Genomic data are often high-dimensional i.e., has more features per observation than observations in the study. But classical regression methods such as linear and logistic regression breakdown in high-dimensional settings. High-dimensional regression methods require regularization, a technique that modifies the loss function by adding a penalty term that shrinks the regression coefficients toward zero. Among the best known examples of regularized/penalized regression are ridge regression (Hoerl and Kennard, 1976), LASSO (Tibshirani, 1996), and elastic net (Zou and Hastie, 2005), though many other approaches have been developed to encourage additional structure or desirable properties of the regression estimates (e.g., Fan and Li, 2001; Yuan and Lin, 2006; Zou, 2006; Zhang, 2010; Dai et al., 2018). The amount of shrinkage induced by the penalty dictates the balance between model complexity (bias) and model stability (variance). It is controlled by a penalty parameter that requires tuning, which is typically accomplished via cross-validation.
While most regularization methods penalize all regression coefficients equally, feature-specific weighting can be performed to allow for differential shrinkage. In particular, several approaches have been recently proposed to improve the prediction performance of regularized regression models through the integration of prior information. Using the LASSO (Tibshirani, 1996) framework, Bergersen et al. (2011) incorporates relevant meta features by developing feature-specific penalties. This modification provided more stable model selection and improved prediction over the standard LASSO. Similarly, Van De Wiel et al. (2016) proposed an adaptive group-regularized version of ridge (Hoerl and Kennard, 1976) regression which derives empirical Bayes estimates for group-specific penalties by utilizing meta features such as gene annotations or external p-values. Recently, Tay et al. (2021) proposed the feature-weighted elastic net that uses meta features to adapt the feature-specific penalties for elastic net (Zou and Hastie, 2005) regularization and Zeng et al. (2020) proposed an alternative approach that models the magnitude of the subject-specific tuning parameters as a log-linear function of the meta features.

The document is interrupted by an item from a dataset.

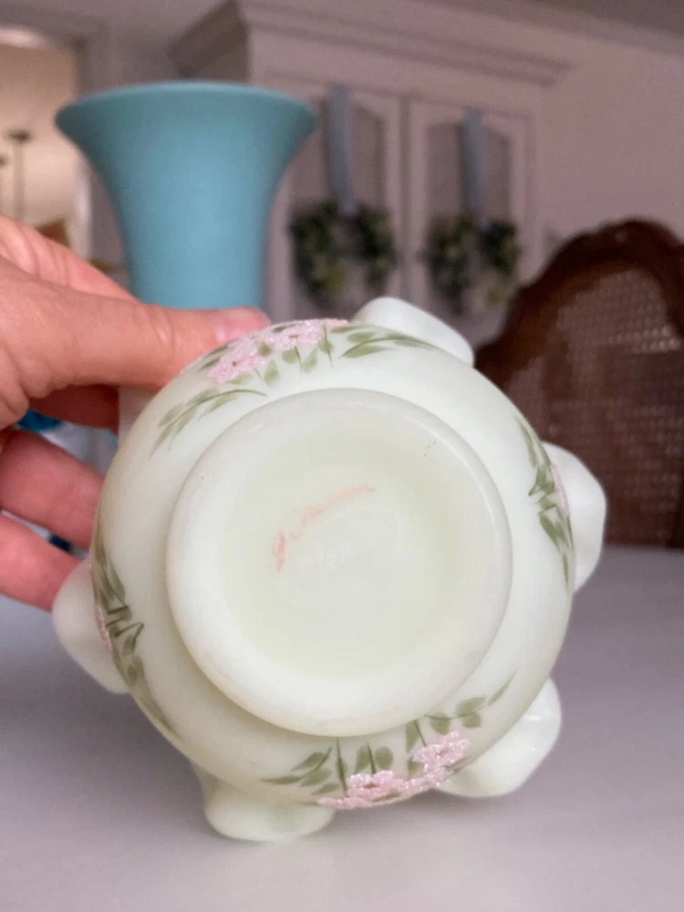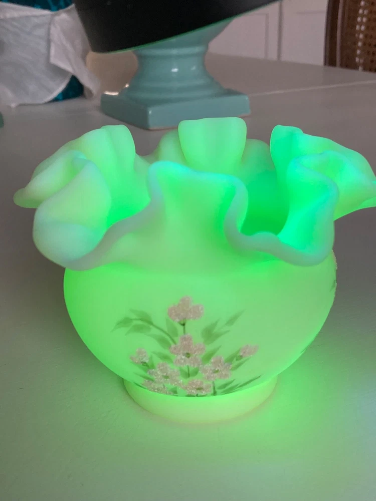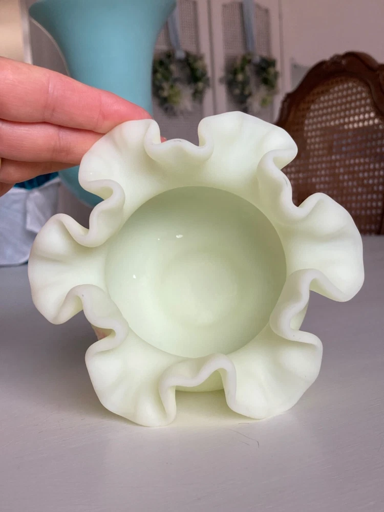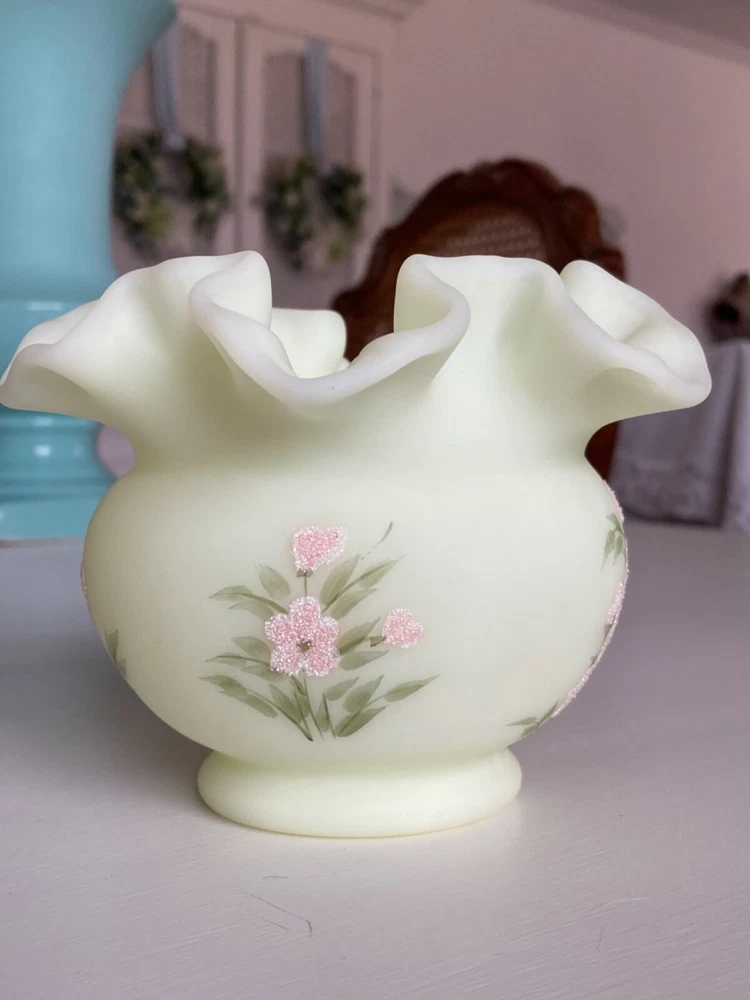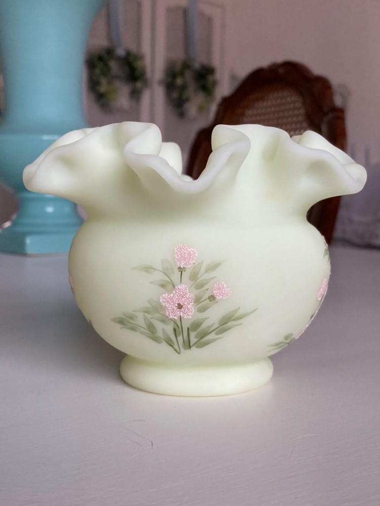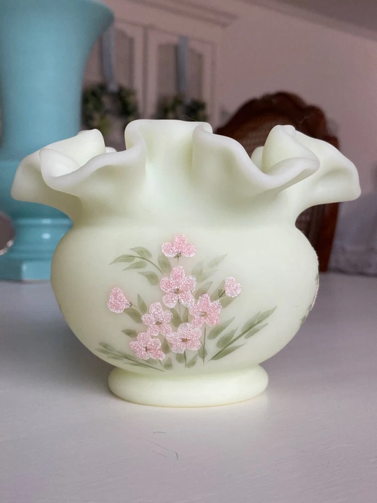 Vintage Fenton uranium custard glass in a very soft yellow with delicate hand painted pink blossoms that look “sugared” :-) It is a ruffled rose bowl with a faint embossed oval Fenton stamp on the bottom along with a signature of what looks like J Chapman. Such a pretty vase! Please email us with any questions and please check our Ebay store, Hooked-On-Vintage, for more great vintage items. We combine ship!

Some of these approaches fix the weights in advance (e.g. Bergersen et al., 2011), which requires unavailable knowledge about the relative importance of the features. Others, adaptively (re)-estimate these weights (see e.g., Van De Wiel et al., 2016; Tay et al., 2021; Zeng et al., 2020), but this requires tuning a potentially large number of parameters, which in turn limits the number of meta features that can be integrated at any given time. In addition, by modifying the penalties, these methods assume that the meta features are explaining variations in the features. Instead of using the meta features to determine weights, we propose a hierarchical ℓ2-regularized (two-level ridge regression) model that jointly models the subject-level features and meta features, which enables the integration of any type and number of meta features. At the first level, the outcome is regressed on the subject-level features, as in standard regularization methods. Rather than assuming the meta features affect the variance of the subject-level features, the second level models the effect of the meta features on the mean of the subject-level features. L2-regularization is applied to the subject-level features and the meta features as both sets (features and meta features) have the potential to be highly correlated and high dimensional. We show that the two-level ridge regression model can be rewritten as a single ridge regression with a modified design matrix and parameter vector, which allows us to use efficient optimization techniques to estimate the model parameters. We also derive closed-form solutions under specific scenarios that sheds light on how the external information impacts estimation of the first-level regression coefficients.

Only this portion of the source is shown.